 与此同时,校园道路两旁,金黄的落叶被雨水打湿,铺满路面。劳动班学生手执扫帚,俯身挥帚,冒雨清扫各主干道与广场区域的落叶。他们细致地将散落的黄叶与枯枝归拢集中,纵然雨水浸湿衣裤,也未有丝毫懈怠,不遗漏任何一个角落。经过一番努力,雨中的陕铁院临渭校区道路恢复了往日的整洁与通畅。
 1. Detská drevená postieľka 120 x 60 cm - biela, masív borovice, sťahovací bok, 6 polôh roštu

____

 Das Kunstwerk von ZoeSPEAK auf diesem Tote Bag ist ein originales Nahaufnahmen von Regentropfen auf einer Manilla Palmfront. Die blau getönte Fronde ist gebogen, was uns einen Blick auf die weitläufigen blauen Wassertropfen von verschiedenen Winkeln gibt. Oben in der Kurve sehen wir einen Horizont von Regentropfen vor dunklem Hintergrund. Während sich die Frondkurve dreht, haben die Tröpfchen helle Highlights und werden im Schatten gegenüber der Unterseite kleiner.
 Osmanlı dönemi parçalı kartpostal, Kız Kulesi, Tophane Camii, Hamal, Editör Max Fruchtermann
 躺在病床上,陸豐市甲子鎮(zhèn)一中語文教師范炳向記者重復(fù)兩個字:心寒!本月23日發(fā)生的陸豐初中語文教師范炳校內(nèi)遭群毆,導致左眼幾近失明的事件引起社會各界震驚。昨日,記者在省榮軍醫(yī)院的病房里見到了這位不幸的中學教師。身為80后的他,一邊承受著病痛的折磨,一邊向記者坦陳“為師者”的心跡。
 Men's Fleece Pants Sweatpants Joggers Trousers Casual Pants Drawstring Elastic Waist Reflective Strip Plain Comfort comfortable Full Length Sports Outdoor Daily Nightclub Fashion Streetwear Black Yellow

____

# WHAT YOU NEED TO DO:
Copy the entries above exactly, but only from the line holding "与此同时,校园道路两旁,金黄" through the line holding "1. Detská drevená", both included.

# RESPONSE TO THIS TASK:
 与此同时,校园道路两旁,金黄的落叶被雨水打湿,铺满路面。劳动班学生手执扫帚,俯身挥帚,冒雨清扫各主干道与广场区域的落叶。他们细致地将散落的黄叶与枯枝归拢集中,纵然雨水浸湿衣裤,也未有丝毫懈怠,不遗漏任何一个角落。经过一番努力,雨中的陕铁院临渭校区道路恢复了往日的整洁与通畅。
 1. Detská drevená postieľka 120 x 60 cm - biela, masív borovice, sťahovací bok, 6 polôh roštu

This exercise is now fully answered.